Bob Rogan didn’t hide his frustration when he described Cornwall as looking like a third world country. The West Point Tours bus driver and 20-year resident has spent the last two months trying to clean up the garbage folks toss out of their cars.

It was during his regular route along Quaker Avenue that Rogan began noticing all the trash strewn along the Route 9W exit ramps. Tired of the mess in an otherwise affluent community, he decided to do something about it. He took two trash bags and started cleaning up the west side of the roadway, but unfortunately that wasn’t enough. It eventually took 19 bags to remove all the garbage.

Rogan quickly found the task to be too overwhelming for one man, so he wrote a letter to the editor in the Dec. 16 edition of The Cornwall Local asking for volunteers. Two ladies answered the call.

The Living in Cornwall Facebook community caught wind of the effort and soon the volunteer number ballooned to nearly a dozen. Having cleaned up Quaker Avenue, the crew has been working on clearing the trash along the Moodna Creek and Route 32.

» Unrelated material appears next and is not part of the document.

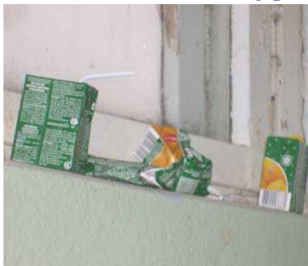
Сок, пирожок, подоконник, а дальше...

Due to the steep slope down to the creek, motorists passing by are unlikely to see the mess, but Rogan said it doesn’t set a good example to the kayakers who pass through Cornwall.

It’s not just paper and the usual household trash which finds its way along the creek. This past Sunday, volunteers were using rope to pull up mattresses, wooden chairs, a large flat-screen TV, baby carriages, tires, and what looked to be the frame of an old dresser.

“This to me is like meditation because all you’re thinking about is trash,” Rogan said. “It’s very enlightening and it feels good. How can it not?”

Rogan said the guardrail along Rt. 32 is useless and all it does is provide leverage for anyone trying to get rid of large, heavy items. He said anyone can take those same items to the dump on Rt. 17K for free. He suggested an eight-foot fence, with barbed wire, be erected to prevent future dumping. He added signs should be posted warning folks of a potential fine for littering.

Despite the showing from the community, Rogan questioned why it’s taking a volunteer effort to clean up Cornwall rather than the town’s sanitation department.Lloyd Sabin, one of the volunteers, also called the town out, requesting someone take care of the problem or declare Cornwall a dump.

Not only have volunteers provided labor, some have donated trash bags. Foley Landscape Contractors provided a dumpster for all the trash collected and IL Tesoro Ristorante & Pizzeria offered pizza to the weary workers. Mamma Mia! Cafe & Pizzeria has already offered to donate pizza following next week’s clean-up.

Rogan said there are three other pull-offs heading south on Rt. 32, so the clean-up effort is not nearly complete. He said he and the other volunteers will be out every Sunday from 11 a.m. to 1 p.m. He welcomes anyone interested to lend a helping hand.